Von einem Moment auf den anderen verwandelt sich die Person, die man immer geliebt hat und auch jetzt noch liebt in einen anderen Menschen. So kann aus einem lebensfrohen, motivierten und engagierten, ehrgeizigen und geselligem Menschen von einem Augenblick auf den anderen eine Person werden, für die es bereits eine fast unüberwindbare Aufgabe ist morgens aus dem Bett zu kommen. „Wie soll ich denn damit umgehen!?“ – „Ich kann sie/ihn und ihr/sein Verhalten einfach nicht verstehen!?“ ist dann häufig die Reaktion. Und mit Recht…. Denn man erkennt sein Gegenüber nicht wieder und hat daher keine Ahnung, wie man ihn/sie unterstützen kann und was man machen kann, damit es ihr/ihm besser geht, dass er/sie wieder sich selbst sein kann…. Und das ist genau der Punkt- denn das weiß der /die Betroffene sehr oft selbst nicht. Auf die gut gemeinten Fragen- „Wie kann ich dir helfen!?“-„Was kann ich für dich tun!?“ können viele/ ich glaube fast alle Betroffenen keine Antwort geben.
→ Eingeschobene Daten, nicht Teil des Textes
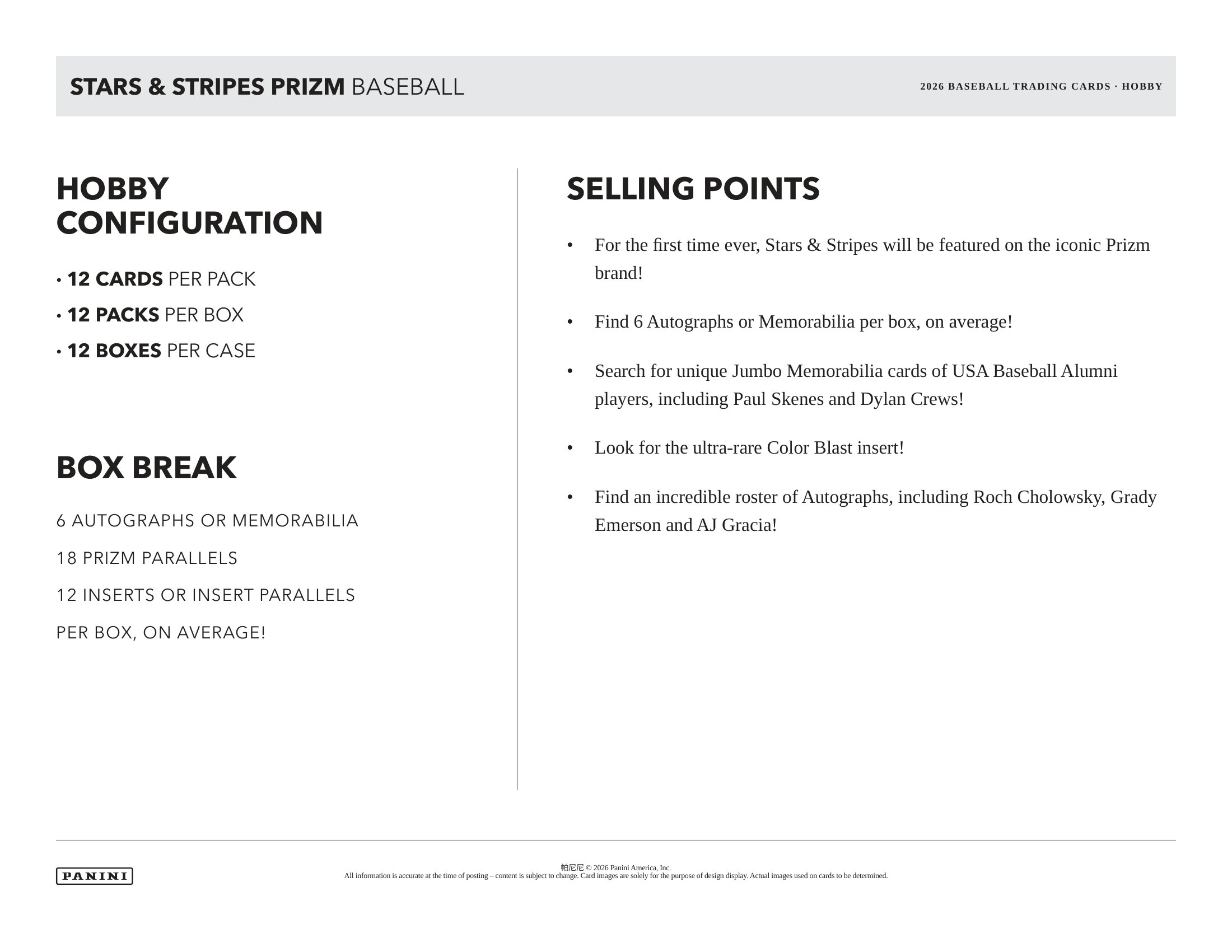 2025 Panini Prizm USA Baseball Stars & Stripes kombiniert die Stärke der Prizm-Technologie mit den besten Talenten des US-Baseballs und bietet eine gelungene Mischung aus Autogrammen, Memorabilia und seltenen Inserts.

Als ich in dieser Situation war konnte ich definitiv nicht verstehen was mit mir los ist, geschweige denn hatte ich eine Ahnung davon, wie ich wieder aus dieser Dunkelheit heraus kommen kann und wieder ich selbst sein kann. Die lebensfrohe, lustige, engagierte, sportliche und ehrgeizige Christina, die sich immer gerne mit Freunden getroffen hat und viel unterwegs war. Man kennt sich selbst nicht und wünscht sich definitiv nichts mehr als wieder in das „alte“ Leben zurückkehren zu können und wieder das „alte“ Ich sein zu können. Man würde am liebsten die Zeit zurückdrehen und aus der Dunkelheit ausbrechen. Denn schon alleine das Aufstehen, sich Anziehen und andere „alltägliche“ Aufgaben wurden für mich zur „Mission Impossible“. Alles war anstrengend und zu nichts hatte ich Lust. Am liebsten wäre ich den ganzen Tag im Bett liegen geblieben und hätte die Zeit mit Nichtstun verbracht.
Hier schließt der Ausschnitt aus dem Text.